[[ Stored data open ]]

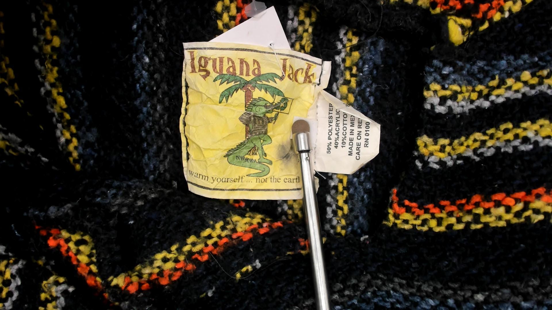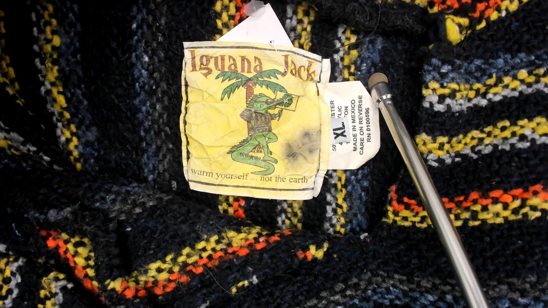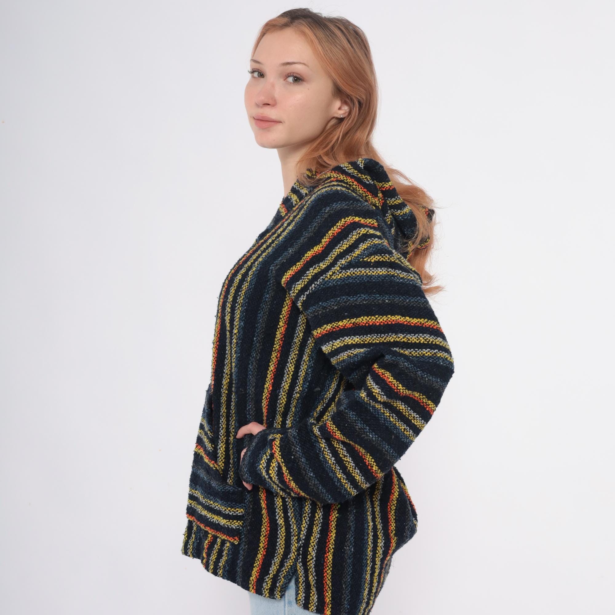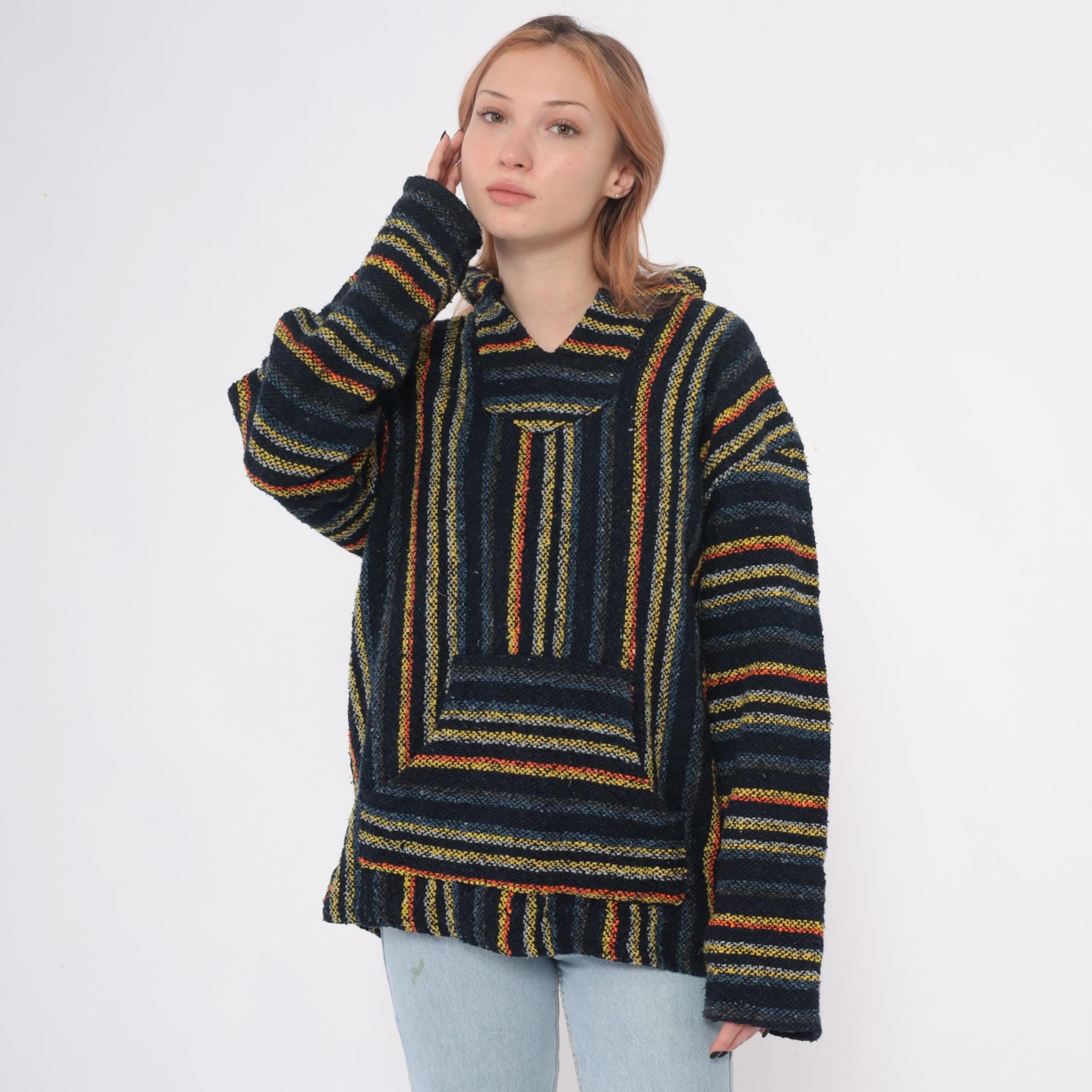90s black striped hooded pullover from iguana jack with horizontal stripes in yellow, orange, red, and gray throughout. Hooded neckline with front kangaroo pocket and long sleeves in woven basket weave construction.
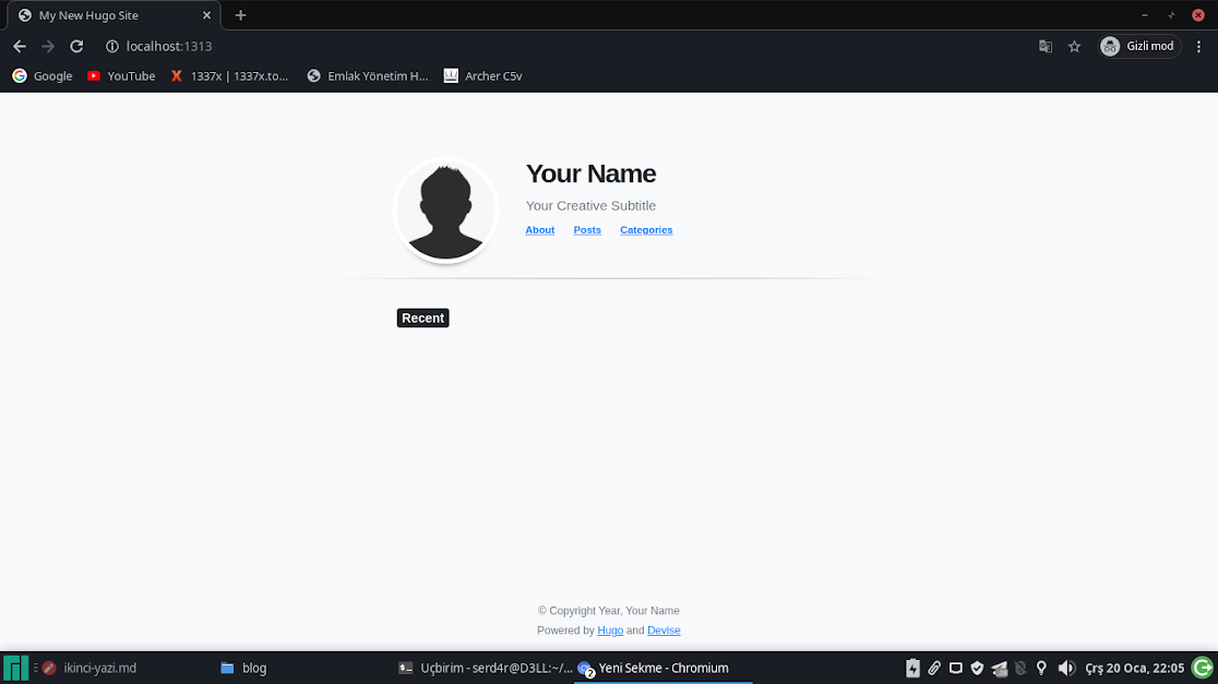 Localde sitemizi oluşturduk.İnce ayarları kendinize göre yapın bir sonraki yazıda siteyi github üzerinden yayına alma konusunu yazıcam.Şimdilik bu kadar kolay gelsin.
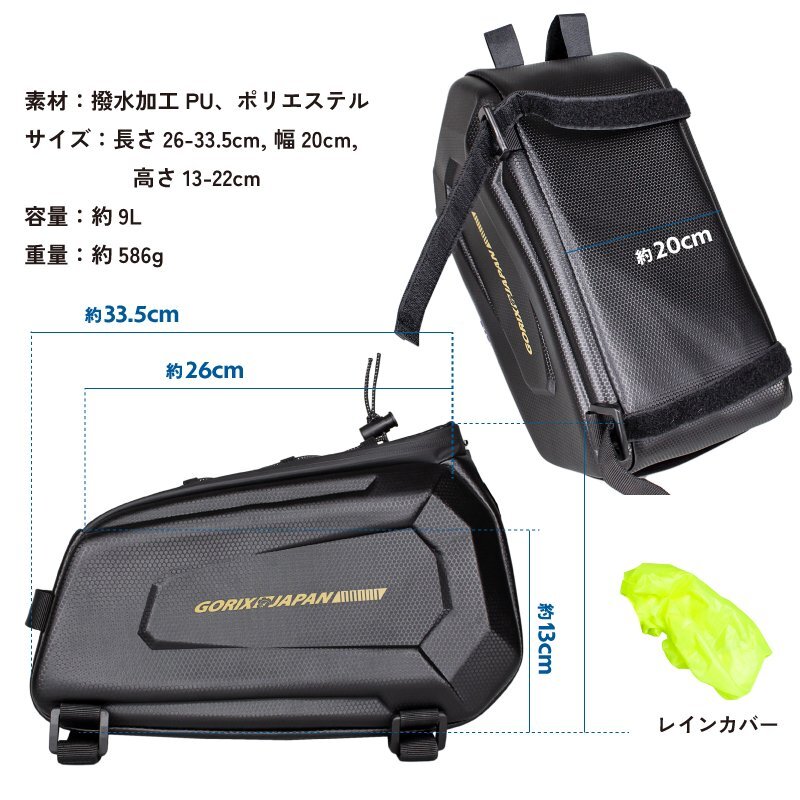 GORIX Mayaキャリアバッグ 凹凸立体的なデザインで本体はハードシェルで頑丈で衝撃吸収性が高い素材を採用。 バッグ表面には撥水性を持たせ、ジッパーは止水ファスナーを採用。 またレインカバー付属で急な雨にも対応します。 9Lの容量は水筒や着替え、弁当や折りたたみ傘など実用的な荷物を収納できる大容量モデル。 ツーリングだけではなく自転車通勤など日々のサイクルライフに最適なキャリアバッグです。 ロードバイクからクロスバイク、MTB、折畳自転車、ミニベロまで様々な自転車で使える自転車用リアバッグキャリアに取付けてお使い頂けます。 背中に荷物を背負わなくていいのでとても便利。 FEATURES ・大容量の9L(水筒や着替え折りたたみ傘など収納可能サイズ) ・防水機能、バッグ表面は撥水加工に加えて付属にレインカバー、防水シップ採用 ・バッグ内の両サイドにメッシュポケット完備 ・ハードシェルで頑丈なバッグは衝撃に強い ・見た目はエンボス加工で立体的 ・ダブルジッパーで開閉しやすい ・持ち運びしやすい手持ちベルト ・弾力紐コードはプラスで荷物を固定できる [バッグ内] バッグのジッパーは大きく開き中身の確認や取出し、収納がしやすくなっています。 両サイドにメッシュポケット完備で小物などの見失いやすい物はサイドに収納ができる。 また中身はクッション性があり衝撃を受けても中身を守ります。 [バッグ外側] 固めのハードシェルで頑丈に仕上がっています。 立体的なデザインはかっこよくボックス感が漂っています。 撥水加工で水を弾きます。汚れも拭き取り易い。 [装着] 前2本と下2本のベロクロでリアキャリに装着します。 商品内容自転車用リアバッグ、レインカバー 素材撥水加工PU、ポリエステル サイズ長さ26-33.5cm, 幅20cm, 高さ13-22cm 容量約9L 重量約586g ※完全防水ではございません。 | |
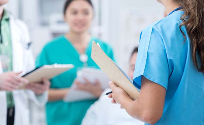 Студент медик следящий за пациентом
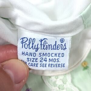 Vintage Polly Flinders Dress in a gorgeous light mint green with a pastel smocked chest. Size is tagged as 24m, but is estimated as 9m. Please check the measurements provided.
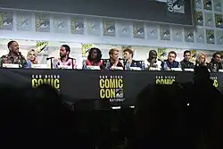 Suicide Squad held a panel at the 2015 San Diego Comic-Con, with stars Smith, Robbie, Courtney, Davis, and Kinnaman among those who appeared. A trailer intended to be exclusive to the event premiered but was leaked online, with Warner Bros. responding by stating they would not release an official version.[94] However, the following day, Warner Bros. released an official version, stating: "Warner Bros. Pictures and our anti-piracy team have worked tirelessly over the last 48 hours to contain the Suicide Squad footage that was pirated from Hall H on Saturday. We have been unable to achieve that goal. Today we will release the same footage that has been illegally circulating on the web, in the form it was created and high quality with which it was intended to be enjoyed. We regret this decision as it was our intention to keep the footage as a unique experience for the Comic-Con crowd, but we cannot continue to allow the film to be represented by the poor quality of the pirated footage stolen from our presentation."[95]
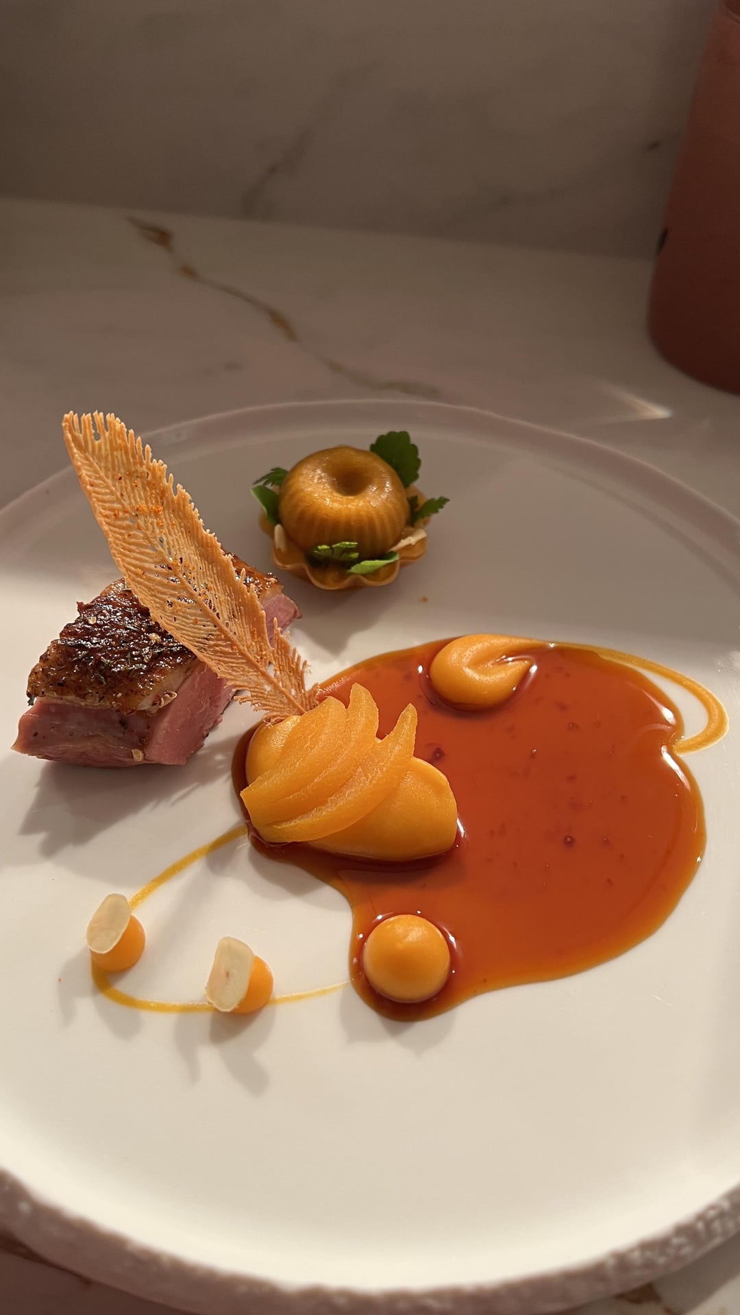 9: duck and apricot, with a duck confit and liver tart. the tart was abysmal. they were either prepping it way too early or there was simply too much liquid in whatever they put in the tart because it was SO soggy. the duck was cooked fine but i would hesitate to call it tender. the apricot was sour and so a little went a long way, which meant that i had a lot of apricot left on the plate after the meat was gone.
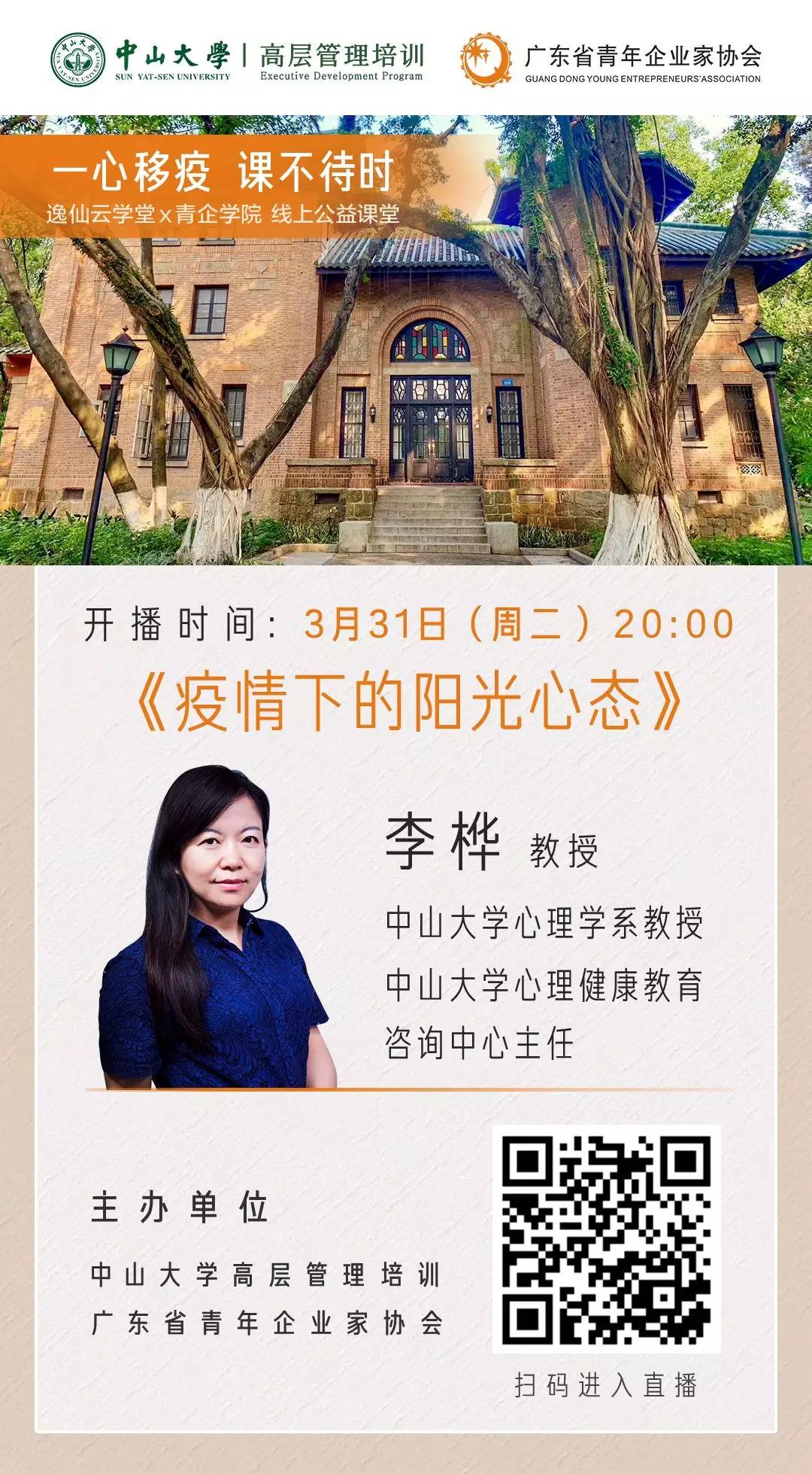 导航痕迹 yl9193永利集团岭南学院高层管理教育(EE)中心 活动预告 逸仙云学堂丨李桦教授《疫情下的阳光心态》 扫描此二维码分享 逸仙云学堂丨李桦教授《疫情下的阳光心态》 发布人:EE中心 发布日期:2020-03-13 活动时间 2020年03月31日 20:00 - 2020年03月31日 21:00 活动地址 逸仙云学堂线上课程
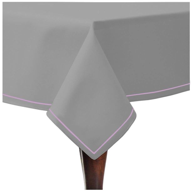 Single Embroidery Border Sateen Cotton Solid Table Cloth - Light Grey
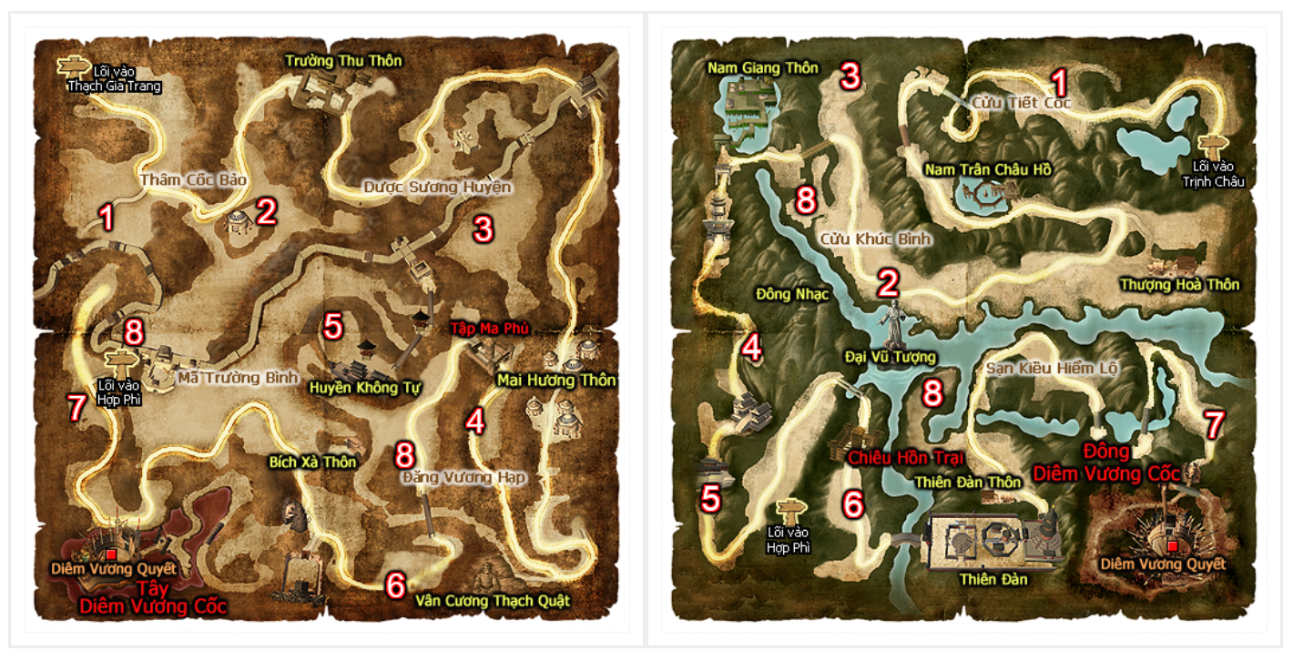 Vị trí boss ở các map tại Cửu Long Tranh Bá Tiên Phong

[[ Stored data closed ]]

(Work to be completed) Both the line above containing "Localde sitemizi oluşturduk.İnce" and the line containing "Студент медик следящий за пациентом" belong in the copy, along with every line between them; print these exactly and omit the pictures.

(Solution for this task)
 Localde sitemizi oluşturduk.İnce ayarları kendinize göre yapın bir sonraki yazıda siteyi github üzerinden yayına alma konusunu yazıcam.Şimdilik bu kadar kolay gelsin.
 GORIX Mayaキャリアバッグ 凹凸立体的なデザインで本体はハードシェルで頑丈で衝撃吸収性が高い素材を採用。 バッグ表面には撥水性を持たせ、ジッパーは止水ファスナーを採用。 またレインカバー付属で急な雨にも対応します。 9Lの容量は水筒や着替え、弁当や折りたたみ傘など実用的な荷物を収納できる大容量モデル。 ツーリングだけではなく自転車通勤など日々のサイクルライフに最適なキャリアバッグです。 ロードバイクからクロスバイク、MTB、折畳自転車、ミニベロまで様々な自転車で使える自転車用リアバッグキャリアに取付けてお使い頂けます。 背中に荷物を背負わなくていいのでとても便利。 FEATURES ・大容量の9L(水筒や着替え折りたたみ傘など収納可能サイズ) ・防水機能、バッグ表面は撥水加工に加えて付属にレインカバー、防水シップ採用 ・バッグ内の両サイドにメッシュポケット完備 ・ハードシェルで頑丈なバッグは衝撃に強い ・見た目はエンボス加工で立体的 ・ダブルジッパーで開閉しやすい ・持ち運びしやすい手持ちベルト ・弾力紐コードはプラスで荷物を固定できる [バッグ内] バッグのジッパーは大きく開き中身の確認や取出し、収納がしやすくなっています。 両サイドにメッシュポケット完備で小物などの見失いやすい物はサイドに収納ができる。 また中身はクッション性があり衝撃を受けても中身を守ります。 [バッグ外側] 固めのハードシェルで頑丈に仕上がっています。 立体的なデザインはかっこよくボックス感が漂っています。 撥水加工で水を弾きます。汚れも拭き取り易い。 [装着] 前2本と下2本のベロクロでリアキャリに装着します。 商品内容自転車用リアバッグ、レインカバー 素材撥水加工PU、ポリエステル サイズ長さ26-33.5cm, 幅20cm, 高さ13-22cm 容量約9L 重量約586g ※完全防水ではございません。 | |
 Студент медик следящий за пациентом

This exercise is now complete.